Final Report Summary - MITOMAR (The mitochondrial mono-ADP-ribosylation landscape)
The detailed research results (that are being published in the peer-reviewed literature) are summarized below:
By overexpressing a mitochondrially-localized, catalytically-dead ADP-ribose binding mutant macrodomain protein, we found that the turnover of endogenous mono-ADP-ribosylation is important for human mitochondrial morphology, indicating that reversible ADP-ribosylation reactions are required for mitochondrial homeostasis and function. In addition to this cell-biological evidence, we have been able to identify the mitochondrial ADP-ribosyl-proteome in human cells and have started to dissect its biological roles. Specifically, in addition to an already-known ADP-ribosylation-regulated protein, glutamate dehydrogenase, we found several novel ADP-ribosylated proteins, including glutamate pyruvate transaminase and malic enzyme 2, indicating a broad role of ribosylation in glutamate metabolism. In addition, we have purified other metabolic enzymes, broadening the known mitochondrial pathways regulated by mono-ADP-ribosylation. The new ADP-ribosylated targets are currently being analyzed in molecular and mechanistic detail in order to establish and validate the biological role that the ADP-ribosylation of these targets has. In sum, MitoMAR allowed us to define the human mitochondrial ADP-ribosylome, revealing interesting proteins whose ADP-ribosylation-dependent regulation can affect mitochondrial functionality and cellular homeostasis. A manuscript reporting these findings is expected to be prepared toward the end of 2016/beginning of 2017.
In addition, a collaborative effort with the laboratory of Dr. Dmtri Filippov at the University of Leiden in the Netherlands has been very successful and productive, allowing us to publish a paper in the prestigious chemistry journal Angewandte Chemie (Kistemaker et al., 2016). Our report shows that distinct macrodomain modules display unexpected selectivity toward novel, custom-synthesized mono-ADP-ribosylated-peptides, revealing that the local peptide sequence adjoining the ADP ribosylation site matters for the recognition of ADP-ribosylation signals by macrodomain effector proteins. However, because of technical limitations, the generation of the mono-ADP-ribosylated peptide array has not yet been achieved. As stated in the periodic report, we decided to move towards the synthesis of a ‘clickable handle’ ADP ribose, as alternative of the generation of the mono-ADP-ribosylated array. Although this compound is now “ready to use”, its functionality still needs to be tested. Work is on-going to establish this novel procedure.
TRAINING PROGRESS AND ACHIEVEMENTS
In addition to what already described in the periodic report, MitoMAR has been disseminated prior to publication to a specialized research community, through the following actions:
- Invited research talk: EMBL Group Leader Retreat on Current Topics in Cell Biology (04-08 November, 2015). Lake Como, Italy.
- Invited research talk: FASEB Meeting on NAD Metabolism and Signaling (09-14 August 2015). Timmendorfer Strand, Germany.
With regards to research training, I have attended a 2-day “Grant Proposal Writing workshop” (01-02 June 2016) in Munich, Germany.
Further, I have gained valuable teaching experience by partaking in our departmental teaching of biochemistry to 1st year medical students. I took an active role in supervising practical lab courses.
My communication and presentation skills have also sharpened by (i) the weekly meeting with Dr. Ladurner and his team, (ii) the 4-monthly departmental seminars where I have presented on my project and (iii) the 4-monthly departmental journal clubs. Together with a Mini-Review submitted to Molecular Cell, these latter two events have simultaneously aided my writing skills, since each meeting requires the preparation of a timely written summary.

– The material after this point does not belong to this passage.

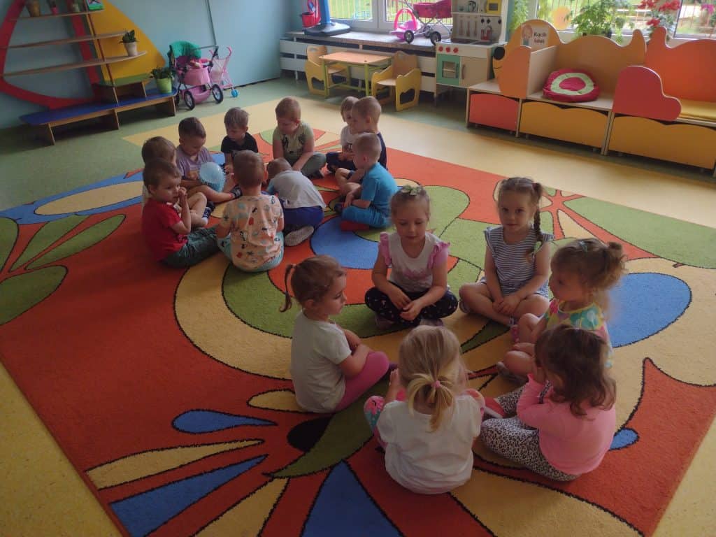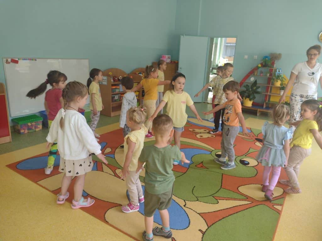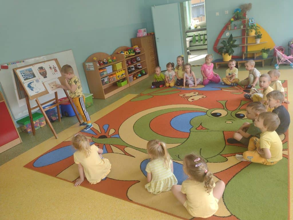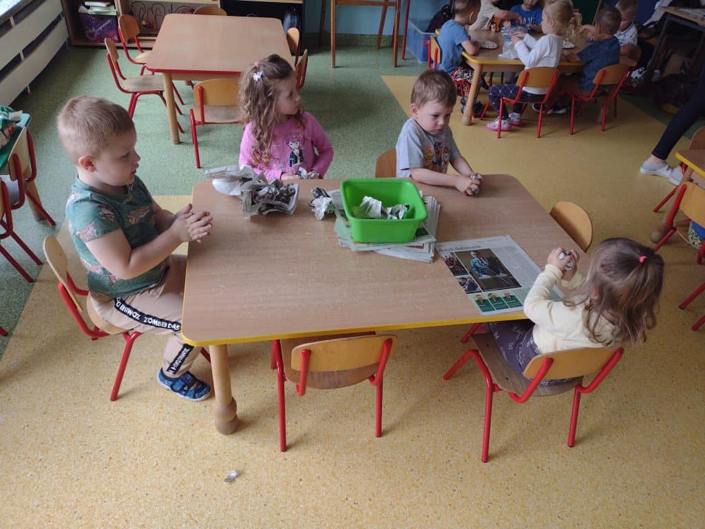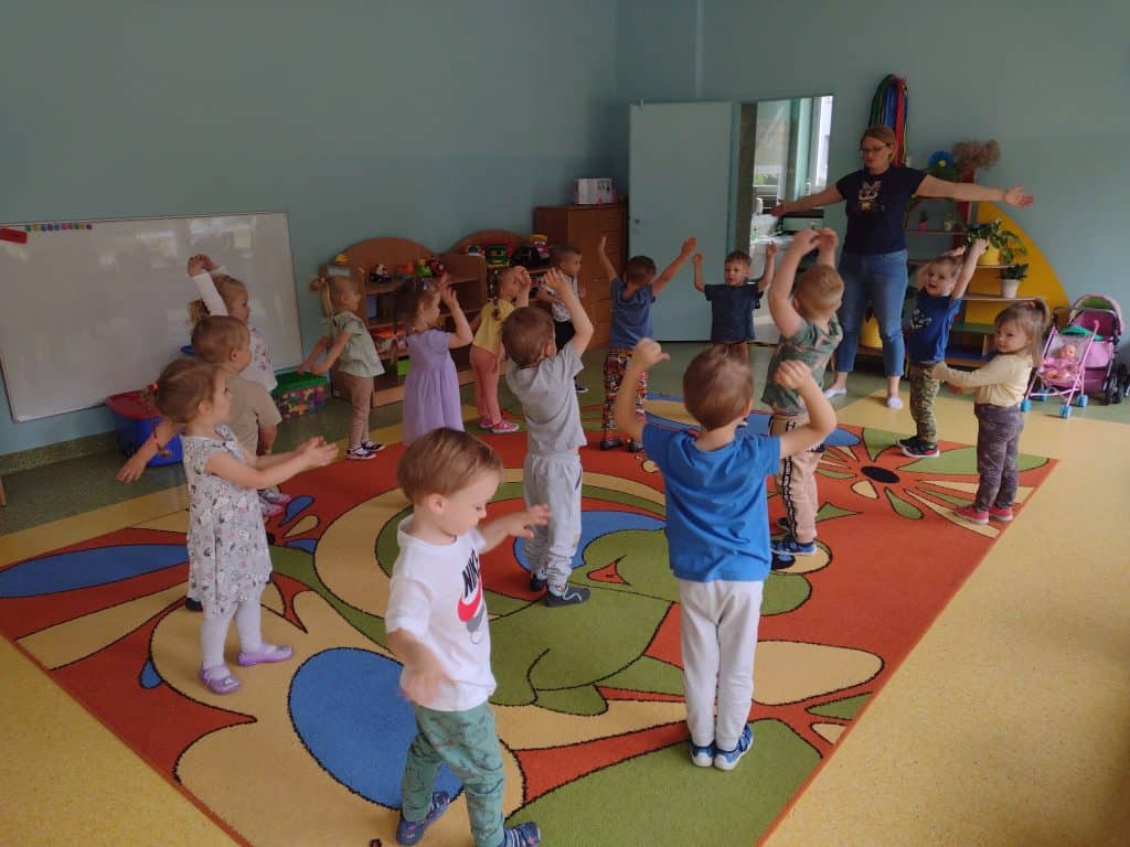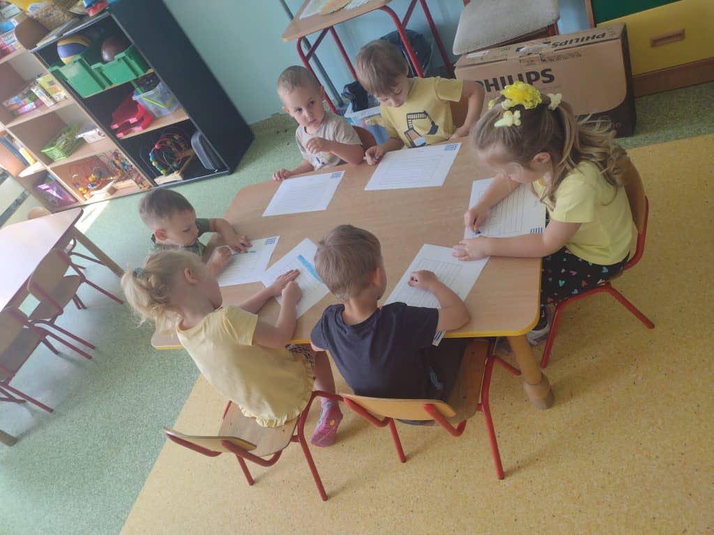 Pod koniec maja odbyły się zajęcia z cyklu „Kolorowa podróż” – tego dnia dzieci przyszły ubrane na żółto i uczestniczyły w różnorodnych aktywnościach związanych z tym kolorem. Zajęcia te były pełne kreatywności i zabawy, a jedną z ulubionych aktywności było kolorowanie dużej chusty oraz ćwiczenia z gazetami prowadzone przez panią Anię, nauczyciela bibliotekarza.
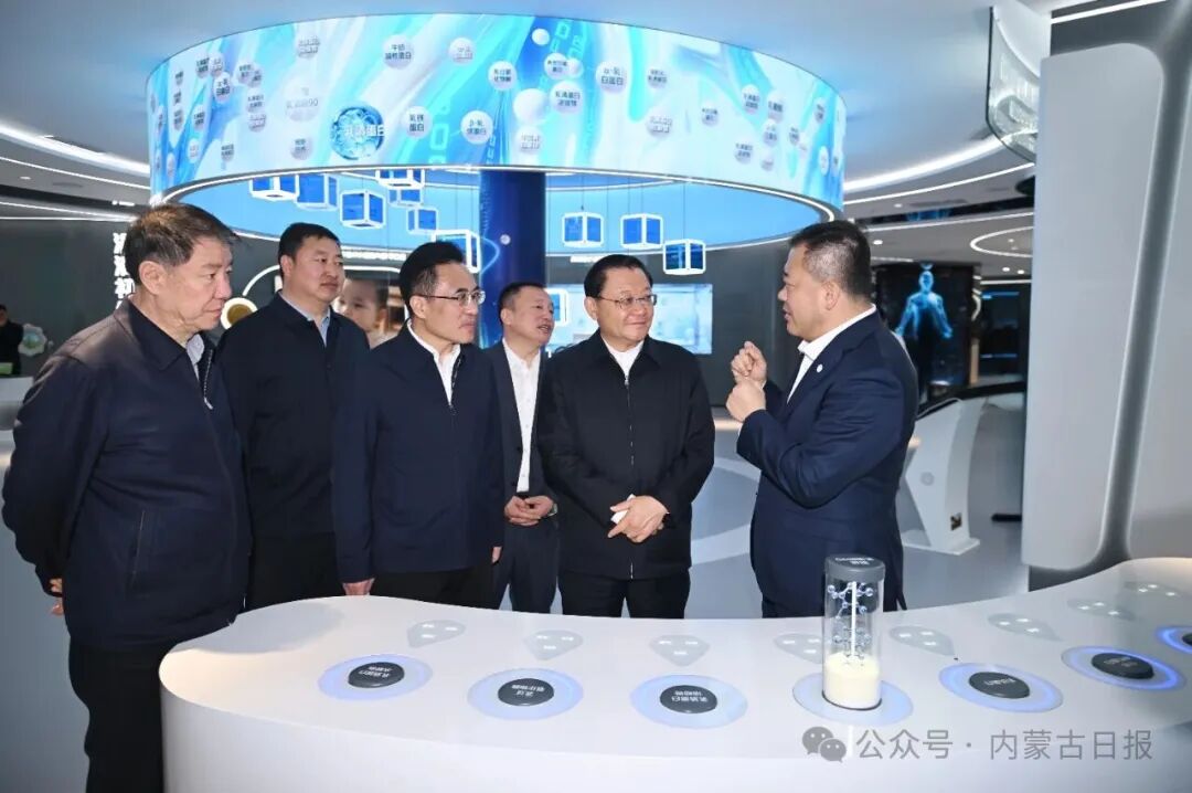 4月22日,自治區(qū)黨委書記、人大常委會(huì)主任王偉中在蒙牛集團(tuán)聽取企業(yè)全球布局、技術(shù)研發(fā)等情況介紹。草原云·內(nèi)蒙古新聞網(wǎng)記者 馬建兵 攝

Last but not least, the MitoMAR project has allowed me to build up and maintain strong and direct connections to other leading groups, including those of Matthias Mann (Max Planck Institute for Biochemistry, Munich) and Michael Nielsen (Novo Nordisk Center for Protein Research, Copenhagen), Dmitri Filippov (University of Leiden, Netherlands) and Gianni Cesareni (Rome).